Please leave out pictures and print exactly the lines from the one that has "CPP Exam for" through the last line of the material below.

GIVEN DATA —
========================================================================

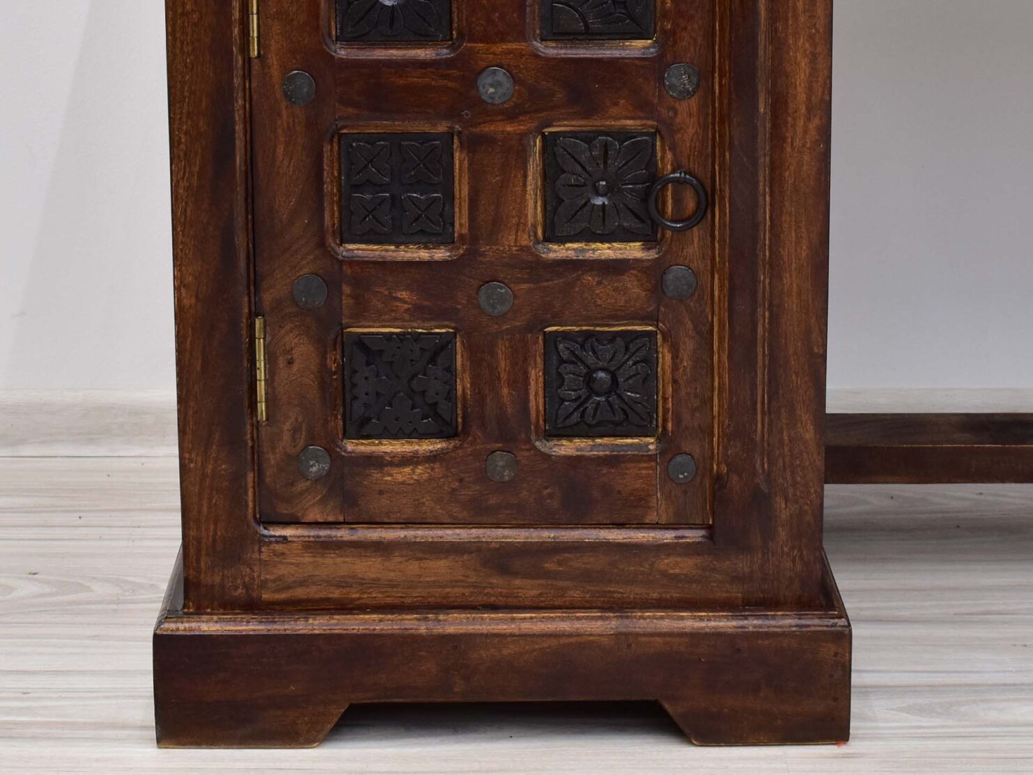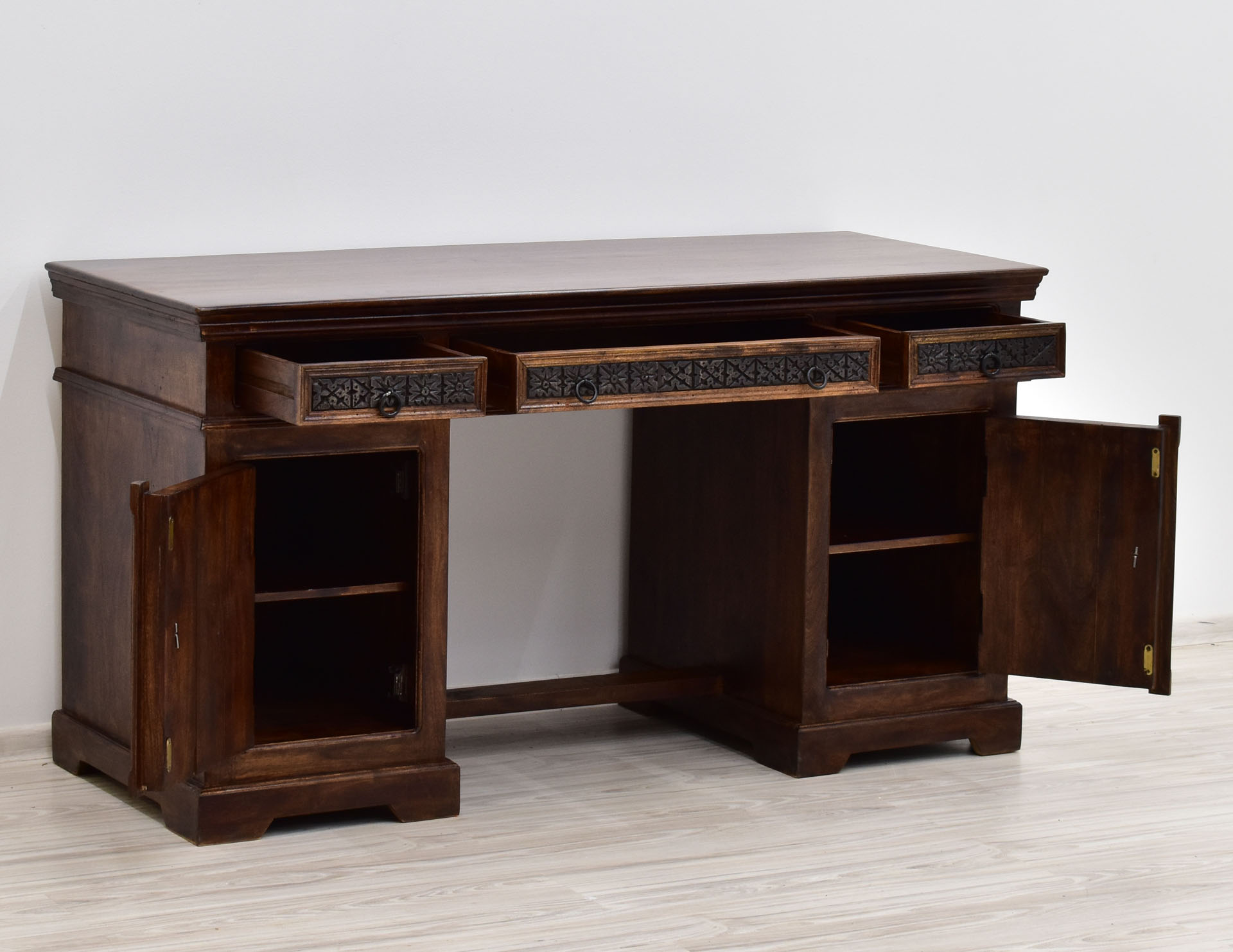 Biurko kolonialne wykonane w 100% z litego drewna akacji indyjskiej w kolorze ciemny brąz. Mebel posiada bardzo solidną konstrukcję, ciężką podstawę oraz poprzeczną listwę stabilizującą całość masywnej konstrukcji. Blat zakończony ozdobnym frezem. Biurko indyjskie posiada jedną szeroką i dwie wąskie szuflady umieszczone pod blatem oraz dwie pojemne wnęki symetrycznie ustawione po obu stronach. Fronty drzwiczek i szuflad przyozdobione ręcznie rzeźbionymi motywami, dodatkowo wyposażone w delikatne metalowe uchwyty. Doskonała, klasyczna ozdoba każdego biura czy gabinetu, z nutą indyjskiego akcentu.
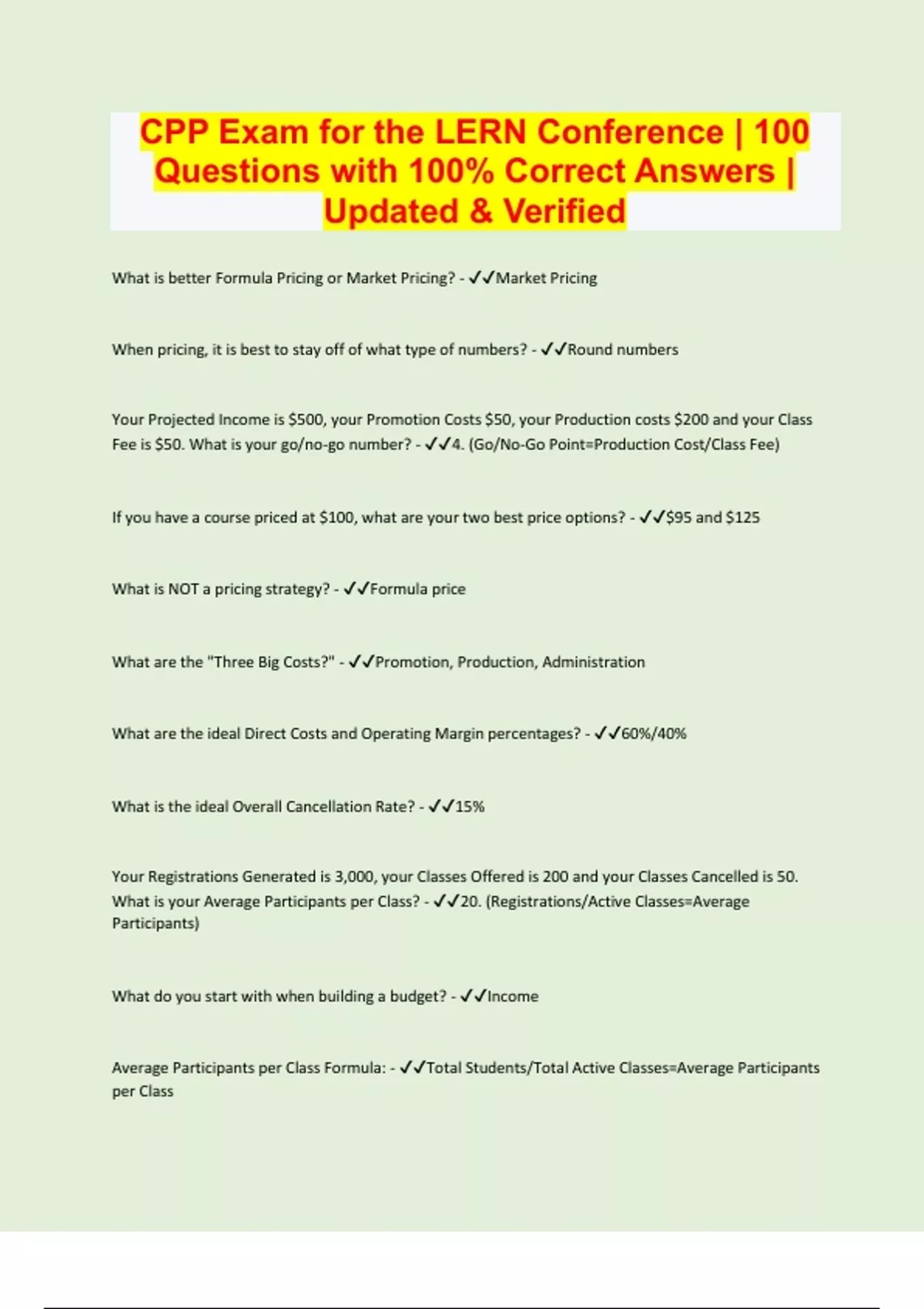 CPP Exam for the LERN Conference | 100 Questions with 100% Correct Answers | Updated & Verified
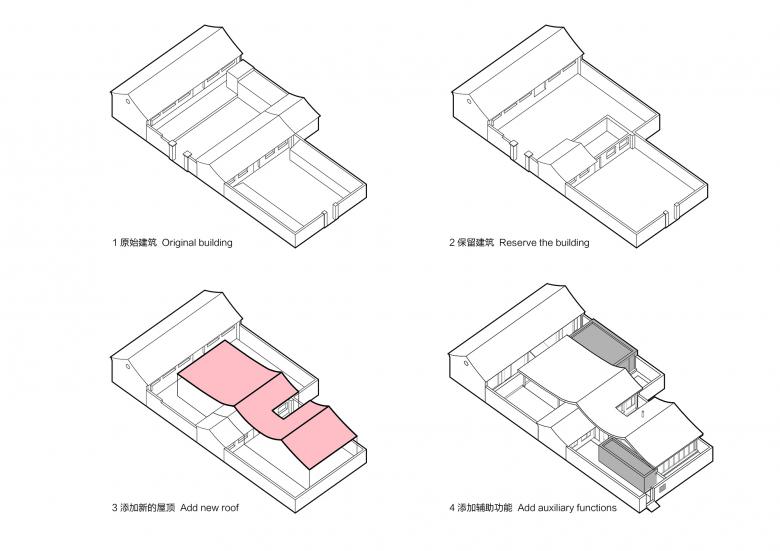 The original architecture is a courtyard compound, consisting of two courtyards, two pitched-tile-roof buildings and several flat-roof volumes. After site investigation, the design team decided to retain and properly transform the north building, which were frequently used and were in good structural condition; to renovate and preserve the south building, which had old structures with historical value; and to dismantle other auxiliary volumes built for temporary use.
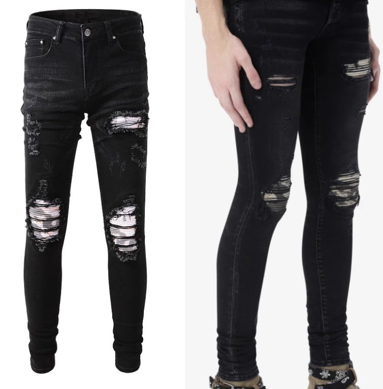 Discover refined style with the SHOP BAM Printed Pleated Patch Denim. These premium jeans feature sophisticated print details combined with intricate pleated patches, creating a unique textural aesthetic. The classic blue wash ensures versatile wearability.

========================================================================

ANSWER BOX —
 CPP Exam for the LERN Conference | 100 Questions with 100% Correct Answers | Updated & Verified
 The original architecture is a courtyard compound, consisting of two courtyards, two pitched-tile-roof buildings and several flat-roof volumes. After site investigation, the design team decided to retain and properly transform the north building, which were frequently used and were in good structural condition; to renovate and preserve the south building, which had old structures with historical value; and to dismantle other auxiliary volumes built for temporary use.
 Discover refined style with the SHOP BAM Printed Pleated Patch Denim. These premium jeans feature sophisticated print details combined with intricate pleated patches, creating a unique textural aesthetic. The classic blue wash ensures versatile wearability.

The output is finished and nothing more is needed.